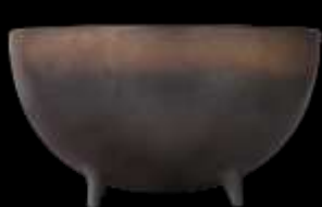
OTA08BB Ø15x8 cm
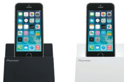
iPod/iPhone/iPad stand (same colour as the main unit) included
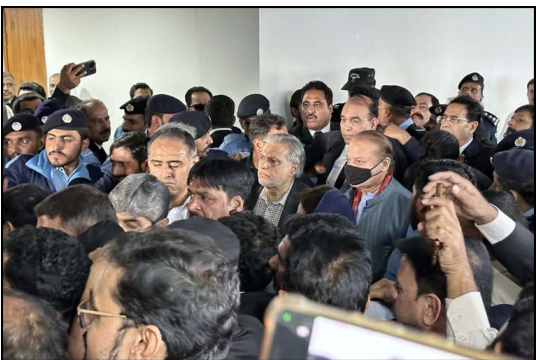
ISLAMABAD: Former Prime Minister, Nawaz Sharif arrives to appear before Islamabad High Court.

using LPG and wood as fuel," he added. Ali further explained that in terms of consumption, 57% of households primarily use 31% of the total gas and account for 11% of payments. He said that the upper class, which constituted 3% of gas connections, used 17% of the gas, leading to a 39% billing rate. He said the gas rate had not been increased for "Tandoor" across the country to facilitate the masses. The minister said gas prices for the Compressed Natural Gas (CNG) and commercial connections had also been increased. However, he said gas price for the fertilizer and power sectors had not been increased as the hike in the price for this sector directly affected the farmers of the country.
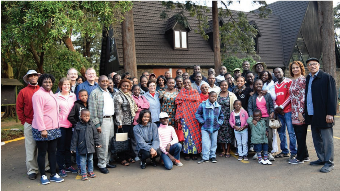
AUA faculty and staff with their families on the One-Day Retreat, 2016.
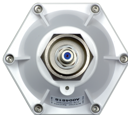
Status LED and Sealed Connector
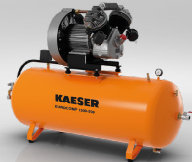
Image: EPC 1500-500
- - -
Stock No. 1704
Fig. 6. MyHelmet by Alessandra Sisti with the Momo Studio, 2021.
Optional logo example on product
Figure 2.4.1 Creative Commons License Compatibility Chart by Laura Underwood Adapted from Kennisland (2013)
- - -
◆ Instructions for the task
Take the listing above and repeat exactly the lines from the one containing "Fig. 6. MyHelmet" through the one containing "Figure 2.4.1 Creative", both included.

◆ Reply to the exercise
Fig. 6. MyHelmet by Alessandra Sisti with the Momo Studio, 2021.
Optional logo example on product
Figure 2.4.1 Creative Commons License Compatibility Chart by Laura Underwood Adapted from Kennisland (2013)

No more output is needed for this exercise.